By Emily Holter
Capital News Service
RICHMOND — On a split vote, a legislative committee has approved a bill to halt the construction of power plants that use fossil fuels and pipelines that carry such fuels after 2020 and to develop a plan for Virginia to rely totally on renewable energy for generating electricity by 2036.
The House Commerce and Labor Committee voted 9-7 on Wednesday in favor of HB 1635, which would place a moratorium effective Jan. 1, 2021, on issuing permits for electrical generating facilities that use fossil fuels such as coal or natural gas. The moratorium also would apply to pipelines, refineries and other facilities associated with fossil fuels.
Moreover, the bill mandates that beginning in 2036, all electricity sold by public utilities in the state must be generated from clean energy resources.
“It challenges Virginia to come up with an aggressive 100 percent renewables plan in the next 15 years,” said the measure’s sponsor, Del. Sam Rasoul, D-Roanoke. “We clearly have heeded the warning that we are in an environmental crisis that could lead to an economic crisis.”
There are more than 97,000 jobs in the solar, wind and other renewable-energy industries in Virginia, Rasoul said.
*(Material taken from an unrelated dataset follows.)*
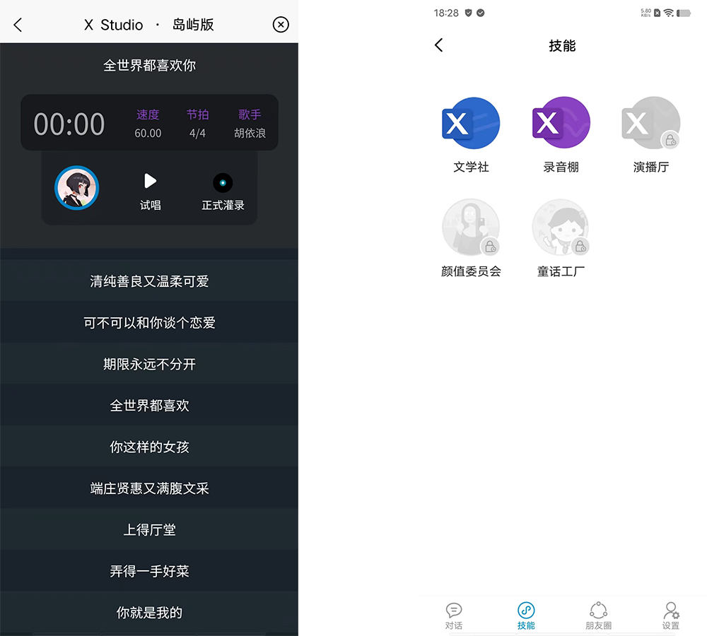 AI是小冰島APP的核心。小冰島APP主要玩法不僅是造出多個AI朋友,還能通過關鍵詞用AI創造小說、樂曲等。目前,小冰島已經開放了文學社、錄音棚兩個技能選項,還有演播廳、顏值委員會、童話工廠三個灰色選項待解鎖。![]()

He said the bill would create more jobs and boost the economy, especially in impoverished areas, while helping to mitigate the effects of climate change.
But the bill’s opponents argue that the timetable to switch electricity production from fossil fuels to renewable energy is too short.
Del. Tony Wilt, R-Harrisonburg, said that he supports renewable energy but that the plan would have negative consequences on the state.
“People are reading too much into the tea leaves,” Wilt said. “Moving from A to Q in a short amount of time could be devastating.”
Rasoul’s bill initially called for imposing a moratorium on the construction of fossil-fuel power plants, pipelines and other facilities on Jan. 1, 2020. The House Commerce and Labor Committee changed the date to 2021 before voting on the legislation.
Republican Del. Tim Hugo of Fairfax joined eight Democrats on the committee in voting for the bill. Five Republicans and two Democrats voted against the measure. Six committee members — all Republicans — did not vote.
In an interview Wednesday, Rasoul acknowledged that it would be difficult for the bill to pass the full House of Delegates. But he said that he is glad people are talking about moving away from fossil fuels — and that he is hopeful for his proposal in the long term.
“It is time for Virginia to be bold if we want to move in the right direction,” Rasoul said.